**GIVEN MATERIAL**:
────

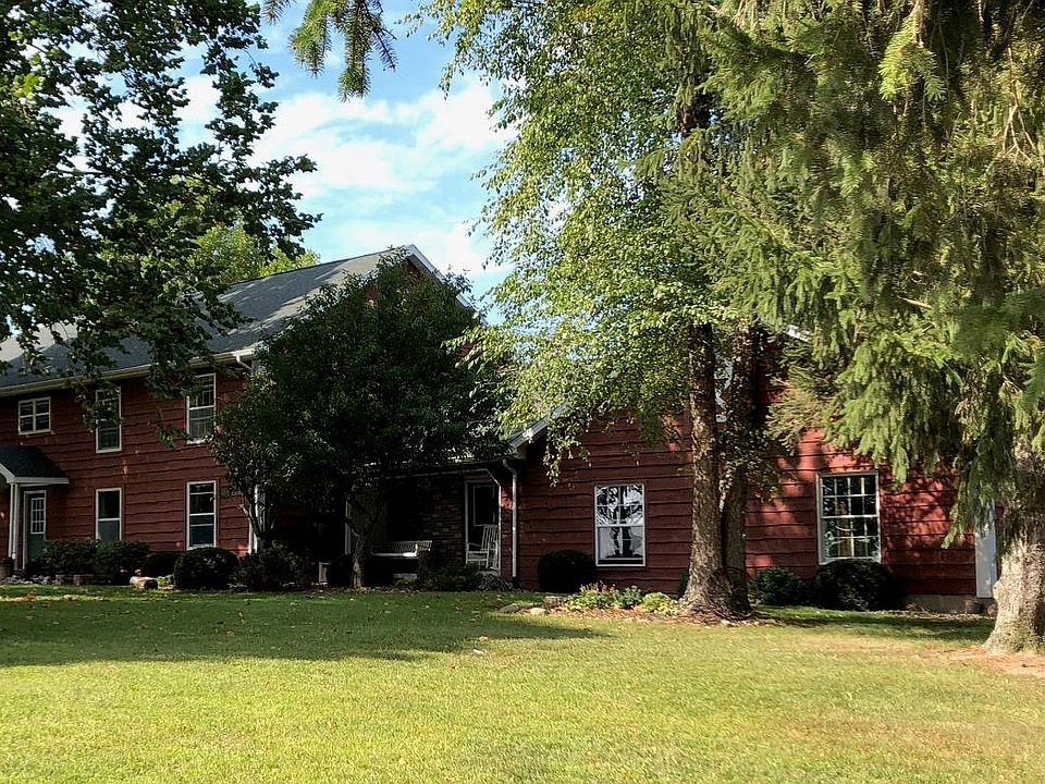 Stately Colonial style home situated on 5.95 acres of woodlands. 4 bedrooms, 3 baths, kitchen remodeled 2019, 2 baths recently remodeled, large family room and living room, walkout basement, oversized 2 car attached garage, with staircase to storage above, new heat pump 2019, 18 x 38 in-ground pool with "pool safety cover", deck, patio and screened porch. So much to love about this home.
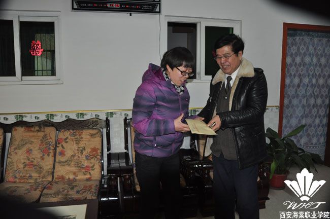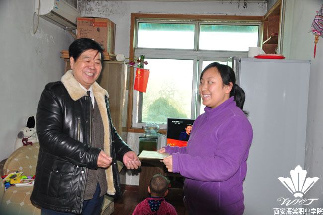 元旦当天,迎着新年的朝阳,党委副书记王爱民一行驱车前往灞桥区田洪正街庆华新区中医美容学院教师耿肖沙家中,看到王书记一行到来,耿肖沙和家人十分高兴。王书记与大家坐在沙发上亲切的聊天,不断的询问耿肖沙的家庭情况、收入来源,得知她与公婆同住,王书记关切的询问公婆的身体情况并嘱咐她要照顾好公婆的身体。交谈过程中王书记表示,海棠事业的发展离不开每一位教职员工的努力,员工们生活的快乐、舒心,工作才能干的好,海棠事业才能更好。王书记的一席话让耿肖沙的家人很有感触。
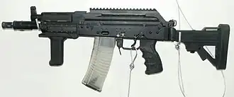 O Mini-Beryl com um trilho longo MIL-STD-1913, punho vertical e coronha telescópica. | |

────

**WHAT YOU NEED TO DO**: Find the line containing "元旦当天,迎着新年的朝阳,党" in the listing above. Restate it and every line after it, word for word, through the final line, leaving out the pictures.

**TASK OUTPUT**:
 元旦当天,迎着新年的朝阳,党委副书记王爱民一行驱车前往灞桥区田洪正街庆华新区中医美容学院教师耿肖沙家中,看到王书记一行到来,耿肖沙和家人十分高兴。王书记与大家坐在沙发上亲切的聊天,不断的询问耿肖沙的家庭情况、收入来源,得知她与公婆同住,王书记关切的询问公婆的身体情况并嘱咐她要照顾好公婆的身体。交谈过程中王书记表示,海棠事业的发展离不开每一位教职员工的努力,员工们生活的快乐、舒心,工作才能干的好,海棠事业才能更好。王书记的一席话让耿肖沙的家人很有感触。
 O Mini-Beryl com um trilho longo MIL-STD-1913, punho vertical e coronha telescópica. | |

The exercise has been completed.